The Wood-Chipper Episode and Avian Flu Epidemics: What’s The Connection?

“United Poultry Concerns is demanding my expulsion from the AVMA Animal Welfare Committee position. Their own Web site demonstrates how they are advancing their agenda by attempting to connect this atrocity to AVMA's position on induced molting. I am nothing more than a poster child under attack.”
“Cutler speaks out on his own behalf,” DVM Newsmagazine, January 2004
Photo By: AP
In Indonesia, chickens are burned alive to destroy avian influenza
In Indonesia, chickens are burned alive to destroy avian influenza

The January issues of Veterinary Practice News and DVM Newsmagazine stress the leadership of United Poultry Concerns in demanding the removal of Dr. Gregg Cutler from the animal welfare committee of the American Veterinary Medical Association (AVMA). Cutler authorized the Ward egg ranch, in California, to throw tens of thousands of unwanted live hens into wood-chipping machinery last February.

Cutler did not act alone but was part of a team of veterinarians, poultry producers, and government officials that recommended the procedure in a written guideline for dealing with avian influenza outbreaks. It included the disposal of live "spent hens" in wood chippers - "A large chipper can be rented and set up to discharge directly into a loader bucket or other container. Death is instant and humane."

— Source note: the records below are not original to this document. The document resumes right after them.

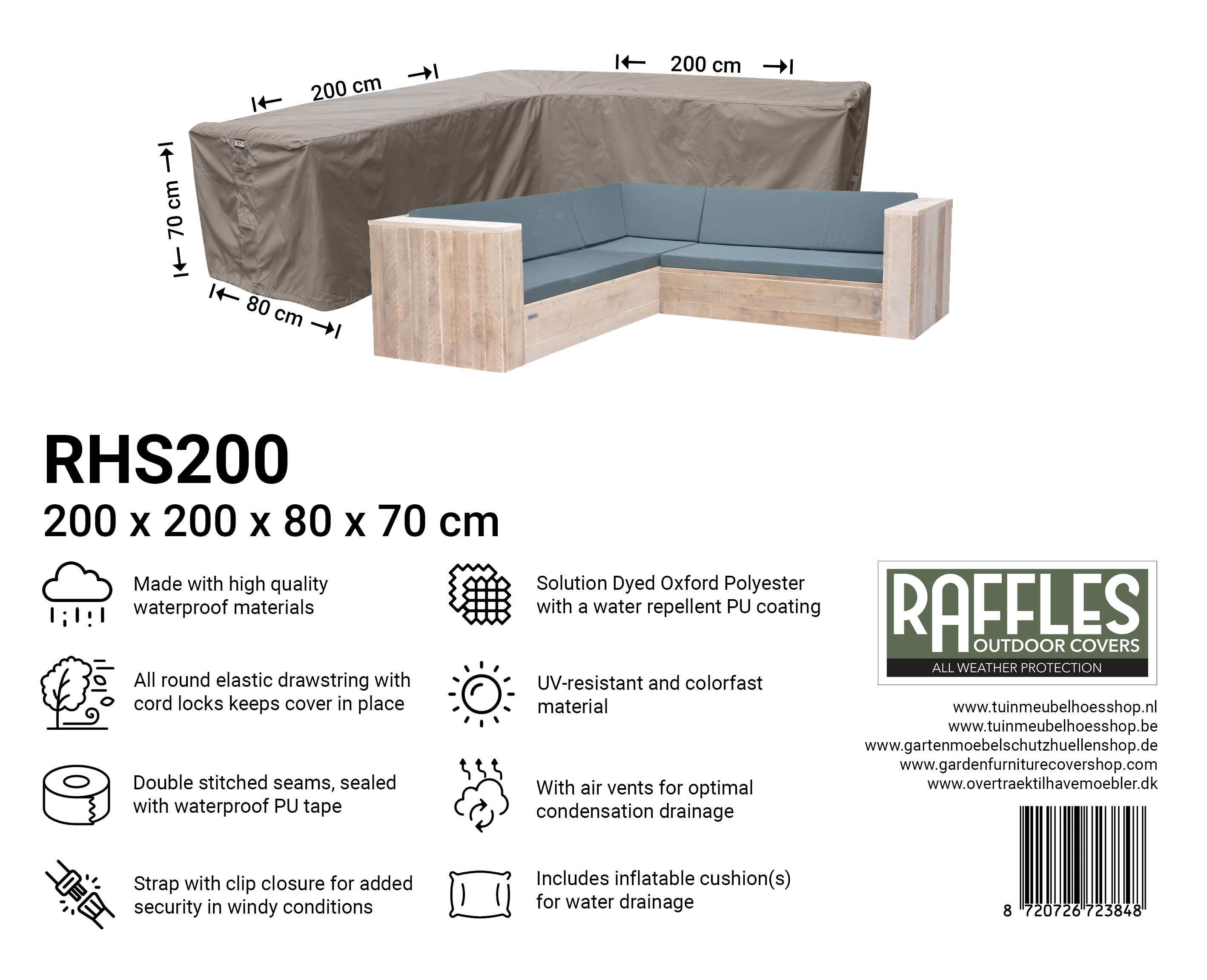 Met de RHS-serie hoekbankhoezen van Raffles Covers beschermt u uw lounge hoekbank of loungeset in L-vorm, van compact tot XXL, het hele jaar door. Of de hoekbank nu op het terras, balkon, onder een overkapping of in de open tuin staat: uw set blijft beschermd tegen regen, vuil, groene aanslag en zon.
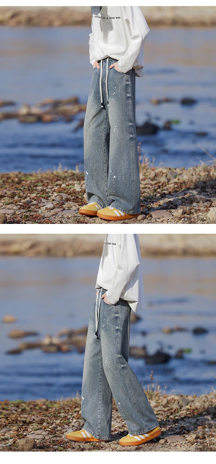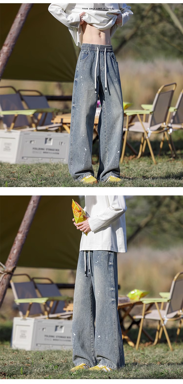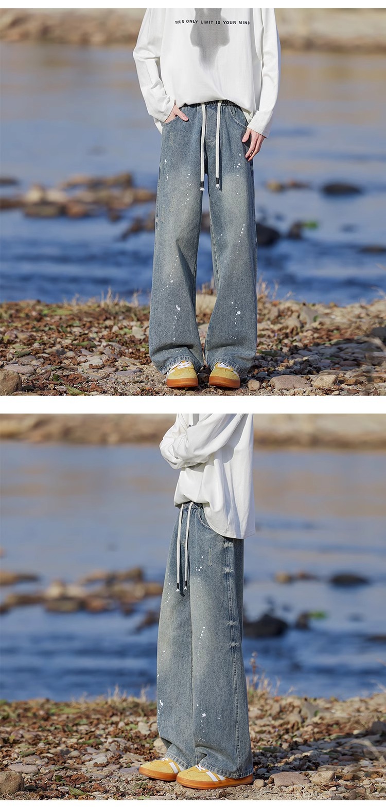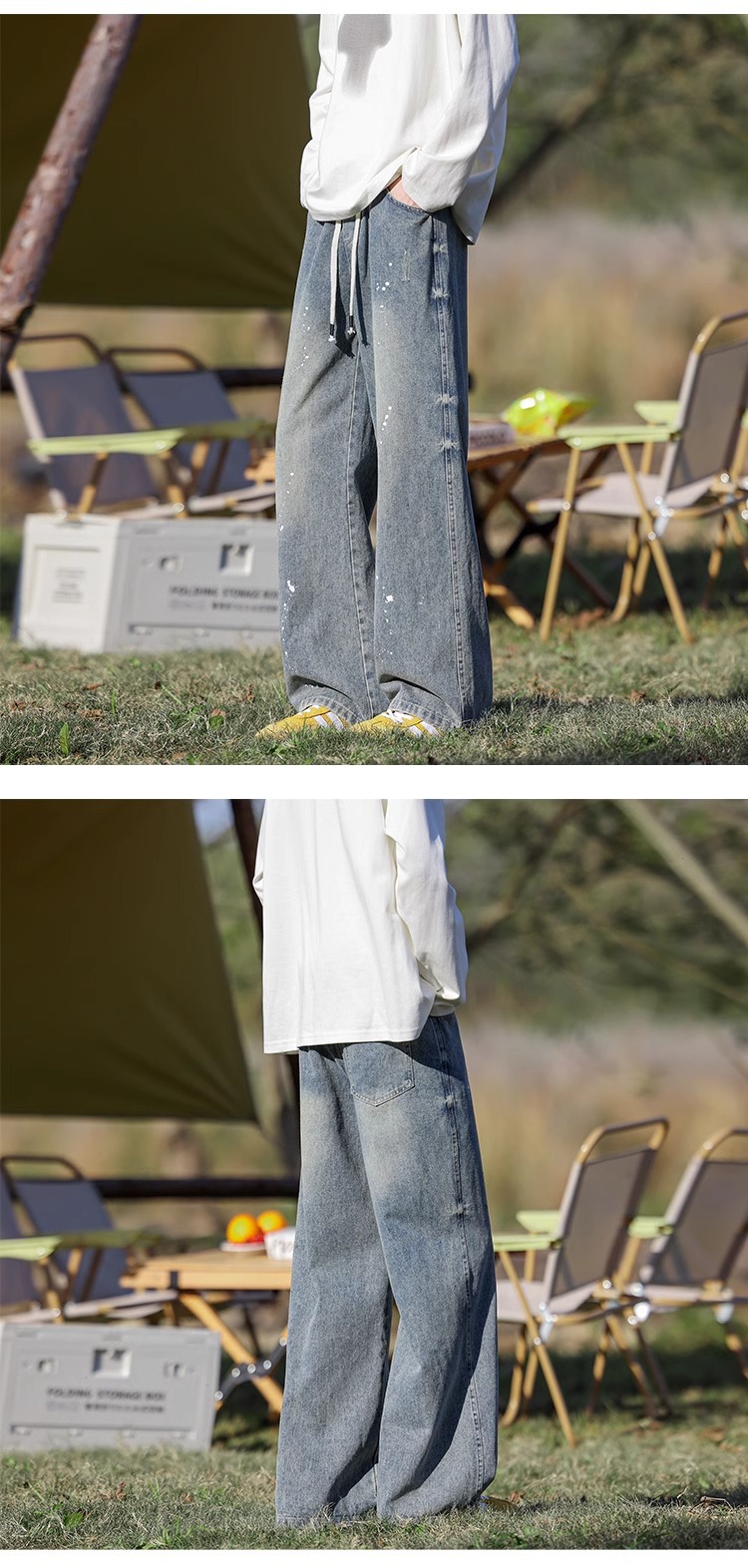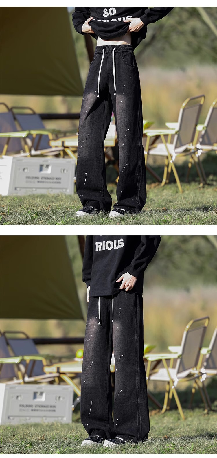 블랙 스플래시 잉크 청바지 남성 봄과 가을 일본 스타일 복고풍 느슨한 캐주얼 세탁 오래 된 강아지 잘 생긴 스트레이트 바지
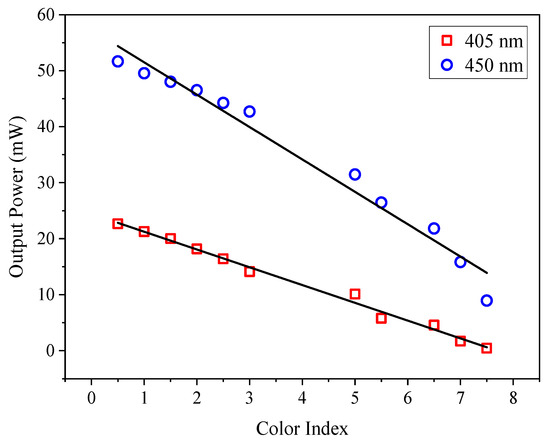 Figure 3 shows the output power at wavelengths of 405 and 450 nm when oil samples with different color indices were measured using the 10-mm pathlength cuvette. Based on the collected data, the output power decreases as the color index of the oil sample increases. The reduction of the output power, either at 405 or 450 nm, was due to the optical absorption by the oil sample. The steeper decreasing slope for the measurement at 405 nm indicates that the measurement of the color index at this wavelength is more sensitive, compared to the measurement at 450 nm. For the measurement at 405 nm (450 nm), the output power saturated to almost zero for CI ≥ 2 (CI ≥ 3.5).
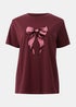 Sweet, simple, and effortlessly stylish — this Burgundy Bow Print T-Shirt adds a playful twist to your everyday look. Featuring a charming bow graphic on a rich burgundy backdrop, it’s the perfect blend of cute and casual. Crafted from soft, breathable cotton, this tee offers all-day comfort with a flattering classic fit. Whether you're pairing it with jeans, skirts, or layering it under a jacket, it’s an easy win for laid-back style with a feminine touch.
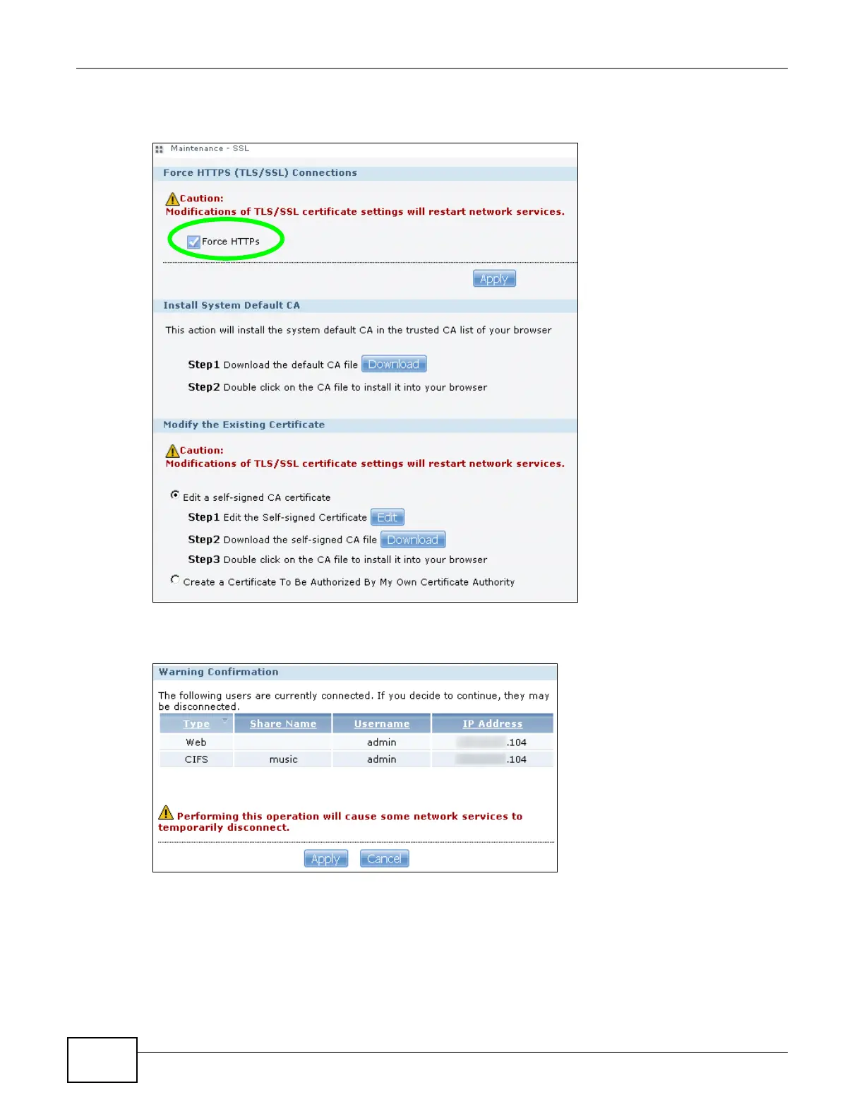 2 A warning screen pops up if applying your change may disconnect some users. Click Apply to
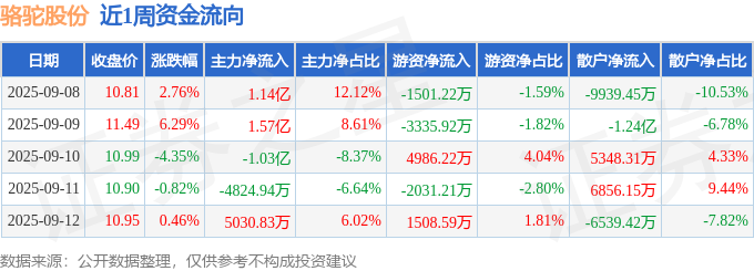 证券之星消息,截至2025年9月12日收盘,骆驼股份(601311)报收于10.95元,较上周的10.52元上涨4.09%。本周,骆驼股份9月9日盘中最高价报11.89元,股价触及近一年最高点。9月8日盘中最低价报10.35元。骆驼股份当前最新总市值128.46亿元,在电池板块市值排名43/95,在两市A股市值排名1489/5153。
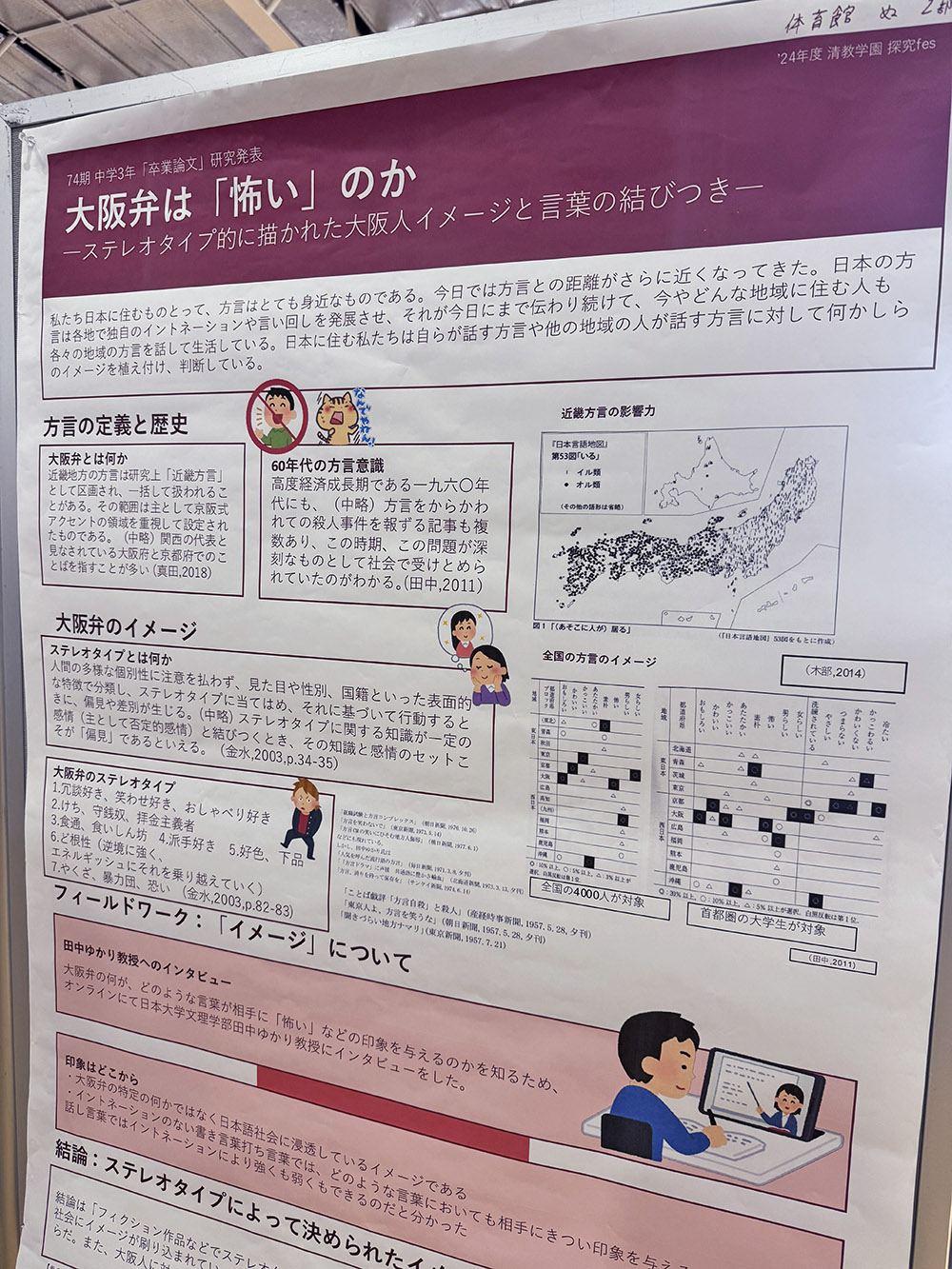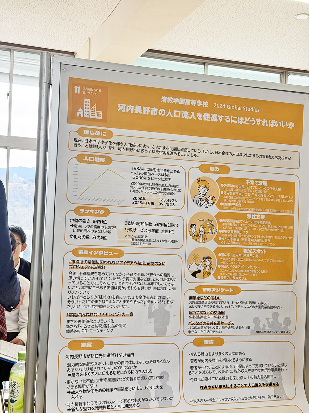 本日は、清教学園中・高等学校で開催された「探究Fes」にお伺いし、生徒の皆さんによる探究学習の成果発表を拝見しました。

UPC targeted Cutler because, in addition to authorizing the wood-chipper killings, he represents poultry on the AVMA's animal welfare committee, where he supports inhumane practices such as forced molting. He epitomizes what is wrong with the AVMA, which, instead of leading the effort to improve the lives of chickens and other farmed animals, blocks every effort to improve their lives, while calling itself, ironically, "the leading voice for humane and proper care of animals."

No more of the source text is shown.